Translating the existing typebox schemas to JSON schema should be trivial with my local LLM setup.

I agree a blocklist of fields would scale better. I'm honestly not sure what should go there. My gut feeling is to just include the whole doc which is what I did for the new datatypes.

[gmaclennan]

By changing all the input schemas to plain JSONSchema (rather than typebox) we loose all the type safety for the inputs. This doesn't seem to bring any particular benefits, but loosing type safety introduces maintenance issues because it's easy to mis-type params or query properties.

For the datatype getters, it seems like you are taking an allow-list approach for each doc type. What properties are you excluding from each data type and what is the reasoning for excluding them?

[RangerMauve]

but loosing type safety introduces maintenance issues because it's easy to mis-type params or query properties.

Should I instead keep the typebox types and automatically convert the json schema to typebox? Is there a trick I can do to make the TS types align with the types defined in comapeo-schema/schema/*? I'm guessing I should use VSCode's intellisense to check this.

For the datatype getters, it seems like you are taking an allow-list approach for each doc type.

I just exclude props based on the existing remoteDetectionAlert tests, else it sends the full doc back right now. What props should we be redacting?

[RangerMauve]

Another thought I had was to run a command to generate the typebox types for the schemas: https://www.npmjs.com/package/schema2typebox?activeTab=readme

[gmaclennan]

I think it's fine for the response types to be just JSONSchema - we don't gain a lot from type-safety on the response types. It's the inputs coming from params, querystring, and any request body that are important to typecheck, e.g. as we had before.

for the data type routes, why not use the schema direct from @comapeo/schema as the return type? e.g.
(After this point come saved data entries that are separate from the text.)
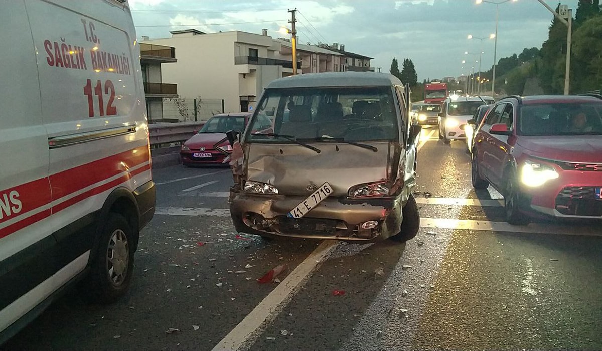 Gölcük ilçesi D-130 Karayolu Ulaşlı ışıkları mevkisinde saat 18.00 sıralarında Bursa yönüne giden Osman K. (87) yönetimindeki minibüs, fren sisteminin arıza yapması sonucu kontrolden çıkarak, kırmızı ışıkta bekleyen araçlara çarptı.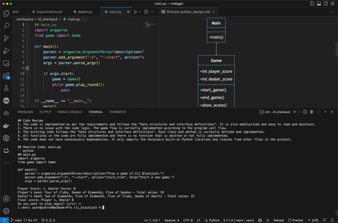 把自己的需求通过prompt的形式告诉系统后,就可以看着MetaGPT给你写代码了。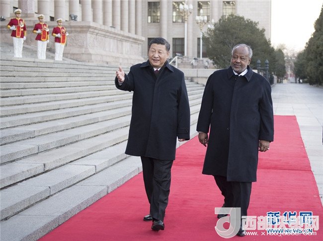 國(guó)家主席習(xí)近平23日在人民大會(huì)堂同來(lái)華進(jìn)行國(guó)事訪(fǎng)問(wèn)的吉布提總統(tǒng)蓋萊舉行會(huì)談。兩國(guó)元首一致同意,建立中吉戰(zhàn)略伙伴關(guān)系,全面深化兩國(guó)各領(lǐng)域合作。
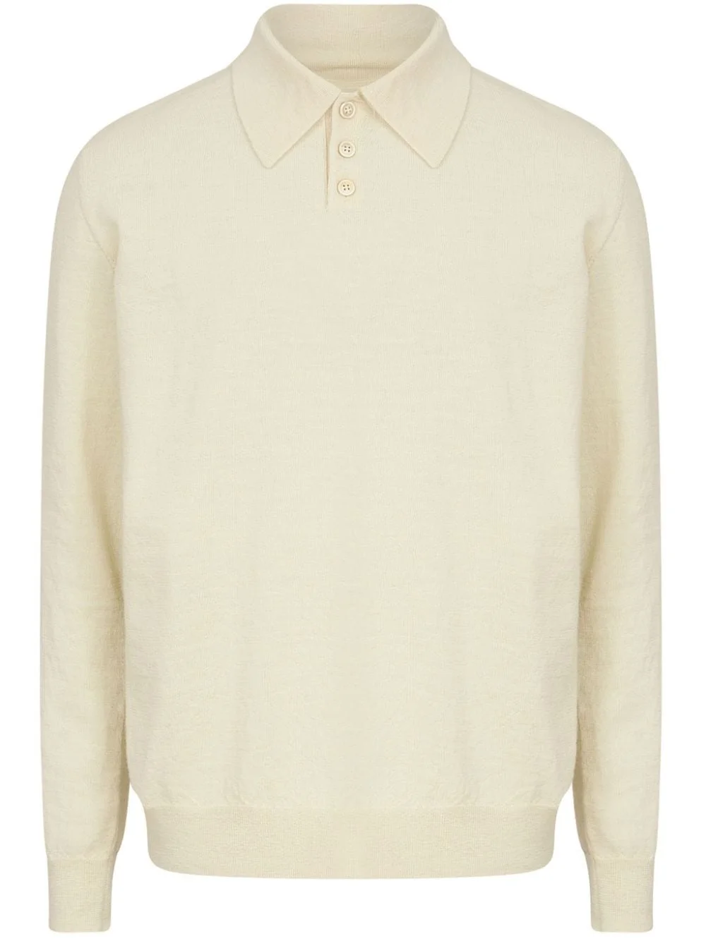 elbow-patch polo shirt Highlights - Citron pale yellow - Wool - Elbow patches - Short front button fastening - Polo collar - Long sleeves - Straight hem Imported Composition Wool 100% Washing instructions Read Manufacturer Guidelines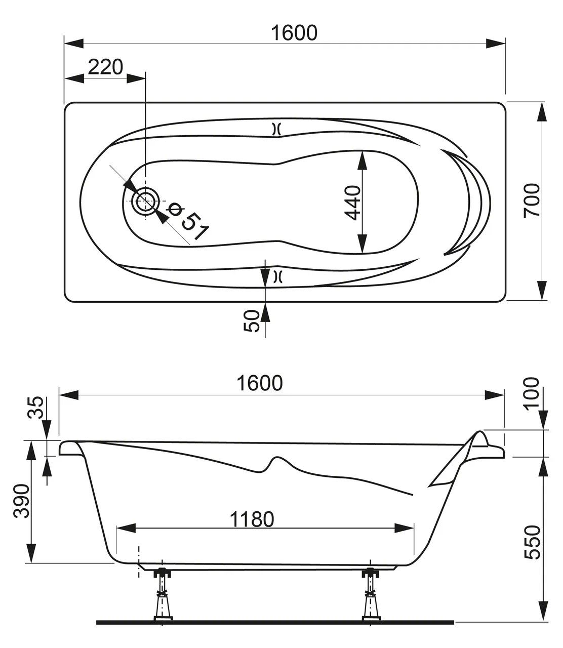 Акриловая ванна VagnerPlast Kleopatra VPBA167KLE2X 160x70см белый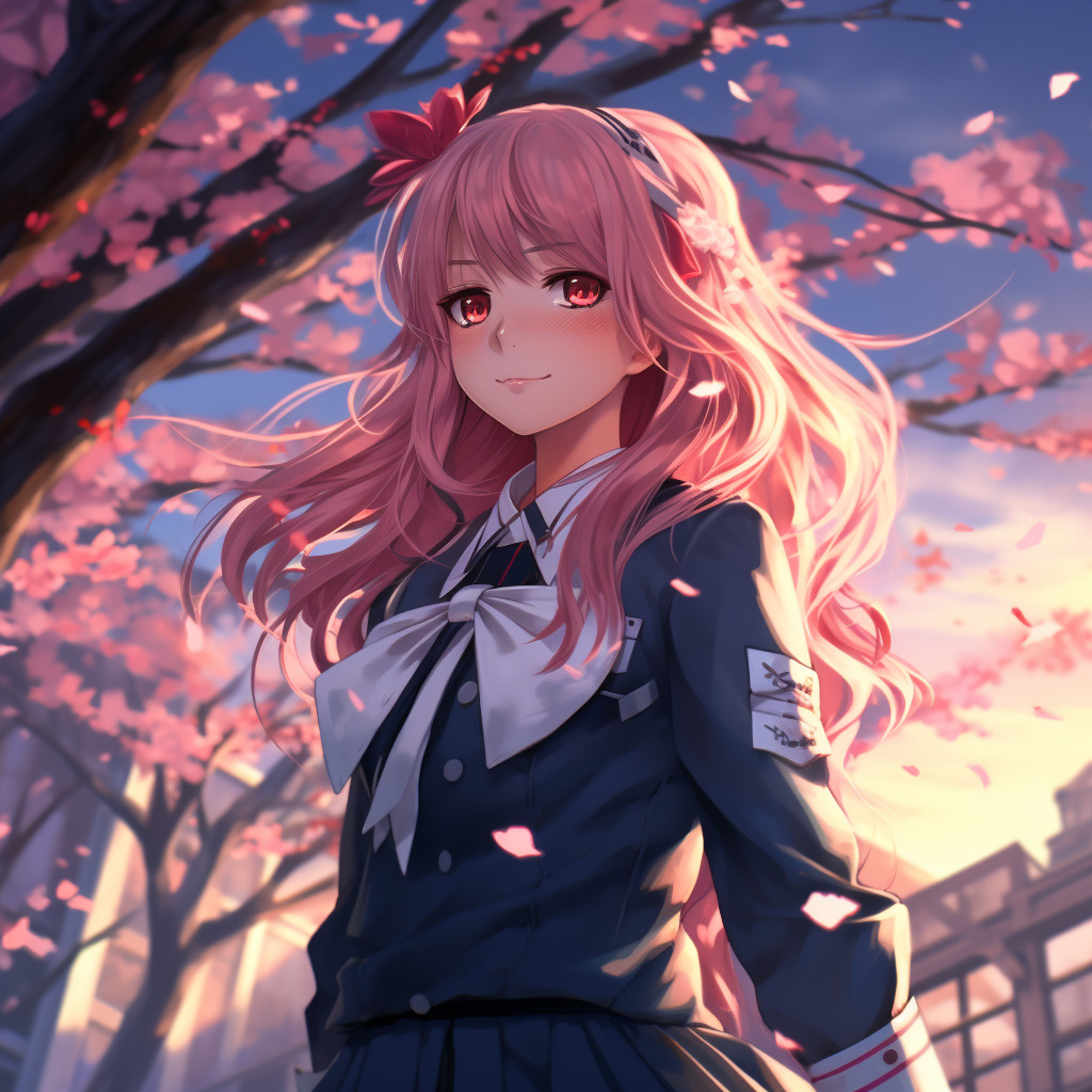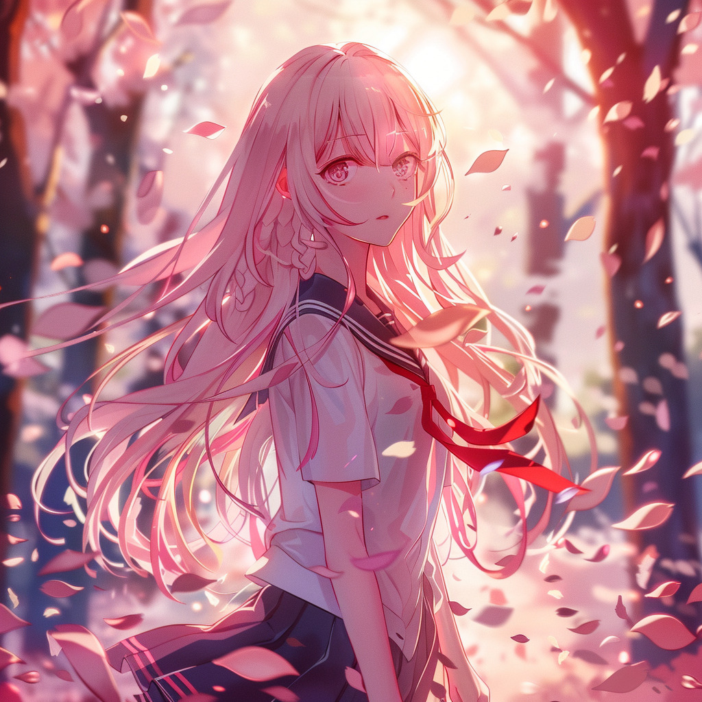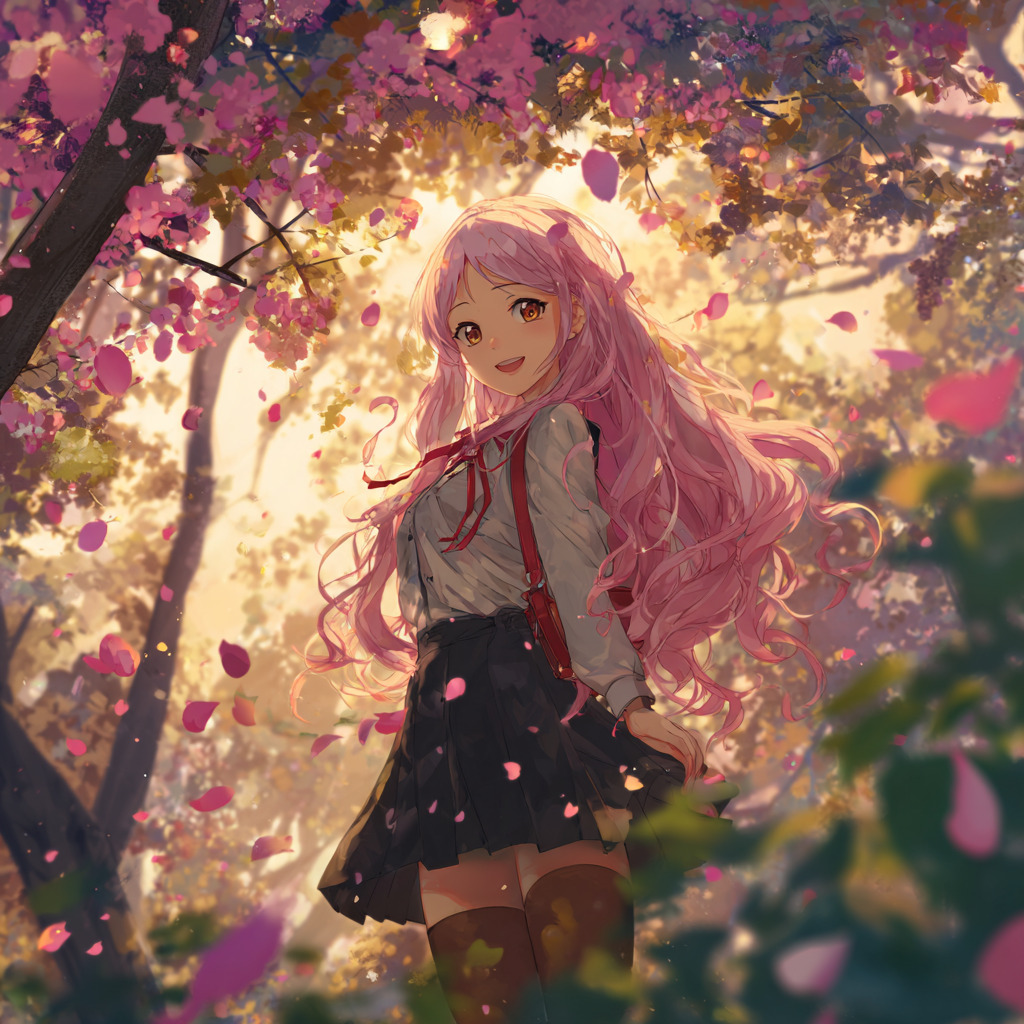 Anime girl with long flowing pink hair, wearing a school uniform with a red ribbon, standing in a cherry blossom garden during sunset, petals falling around her, magical atmosphere, soft pastel colors, detailed eyes, gentle smile, fantasy style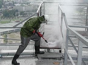 超高壓水除銹設備一般由超高壓清洗機、進水管、超高壓出水管、超高壓水槍及收集盤、高空車或機器人、水槍固定伸縮裝置、廢水回收管、壓縮空氣控制管、廢水和油漆皮回收過濾處理裝置等,可根據需要選用。[查看詳情]

import { dereferencedDocSchemas as docSchemas } from '@comapeo/schema'

//...

const SUPPORTED_DATA_TYPES =
    /** @satisfies {Array<keyof typeof docSchemas>} */ ([
      'observation',
      'track',
      'preset',
      'field',
    ])

  for (const dataType of SUPPORTED_DATA_TYPES) {
    fastify.get(
      `/projects/:projectPublicId/${dataType}`,
      {
        schema: {
          params: Type.Object({
            projectPublicId: BASE32_STRING_32_BYTES,
          }),
          response: {
            200: {
              type: 'object',
              properties: {
                data: {
                  type: 'array',
                  items: docSchemas[dataType],
                }
              }
            },
            '4xx': schemas.errorResponse,
          },
        },
        async preHandler(req) {
          verifyBearerAuth(req)
          await ensureProjectExists(this, req)
        },
      },
      /**
       * @this {FastifyInstance}
       */
      async function (req) {
        const { projectPublicId } = req.params
        const project = await this.comapeo.getProject(projectPublicId)

        return {
          data: (
            await project[dataType].getMany({ includeDeleted: true })
          )
        }
      },
    )
  }

The reason I suggest this is that one of the concerns with adding additional datatypes is the maintenance overhead, so we're wanting to reduce the maintenance needed if we change the schema type for some reason.

Also: we should probably group routes that require auth under a single route plugin with the verifyBearerAuth once, so we don't forget to add it if we add additional routes, but that can be a follow-up.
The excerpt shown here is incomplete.